The study by Zhang et al. (2012) testing a newly developed instrument to assess nurses' knowledge, risk perception, health beliefs and behaviours surrounding influenza vaccination is significant. We are reminded of the severity of the influenza virus and subsequent importance of vaccination in healthcare workers. However, also reported are the suboptimal vaccination rates among nurses in particular. The instrument designed in this study is tested for its validity and reliability as it is reported that previous instruments used in relation to this topic lack rigour.

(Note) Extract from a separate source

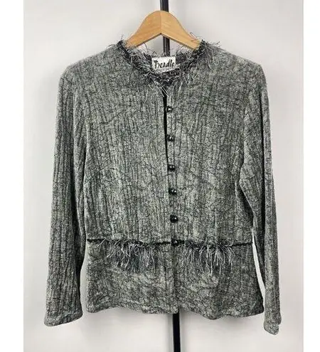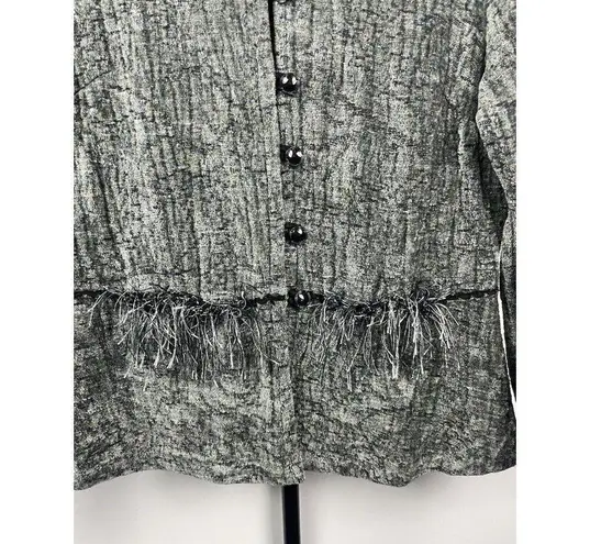 Vtg Treadle Design Room Gray Art To Wear Fringe Neckline Button Up Blouse Size M Size M - $22 - From Alyssa

The design and undertaking of this study appear reliable, and its rationale to understand nurses' knowledge, risk perception, beliefs and behaviours concerning influenza vaccination is certainly without question. However, the aspect of the instrument which measures vaccination behaviours addresses not only personal vaccination but also the recommendation of vaccination to patients. In a previous study by Zhang et al. (2011), it was found that nurses were more likely to recommend vaccination to their patients if they had been vaccinated themselves. Having made a connection between personal attitudes and subsequent practice, the relevance of the sample upon which the instrument was tested must be considered. The majority of seasonal influenza vaccinations are given to patients by nurses in the community setting. Indeed, this is also the case for H1N1 vaccination, and yet, of the respondents, 78·5% (n = 408) were hospital based and only 14·5% (n = 75) worked in the community (Zhang et al. 2012). Given that influenza vaccination is primarily community based, further validation of the instrument with community nurses would be useful.

In the UK, there is some anecdotal evidence of negativity among community nurses almost to the point of disapproval where both the seasonal and H1N1 vaccinations are concerned. Not only does this suggest that vaccination rates among the nurses concerned are likely to have been low but that the impact of this on promoting vaccination to patients could also have been affected with potentially serious consequences; a process that the health promotion literature refers to as modelling where the behaviour of the health promoter can have an impact on the resulting behaviour of the learner (Green & Tones 2010). Previous studies have concluded that the reasons for this apparent lack of enthusiasm are primarily related to adverse effects (Ehrenstein et al. 2010, Zhang et al. 2011). Although Zhang et al. (2012) acknowledge the convenience sample chosen as a limitation, this choice could be considered central to the study if this instrument is to be used and effectively applied in practice. Understanding nurses' attitudes towards the influenza vaccination is important and could as Zhang et al. (2012) state, lead to future vaccination campaigns becoming more evidence based. Not only could this have a positive impact on the immunisation rates of nurses, but also indirectly influence the uptake of both the seasonal and H1N1 vaccination rates in the general population.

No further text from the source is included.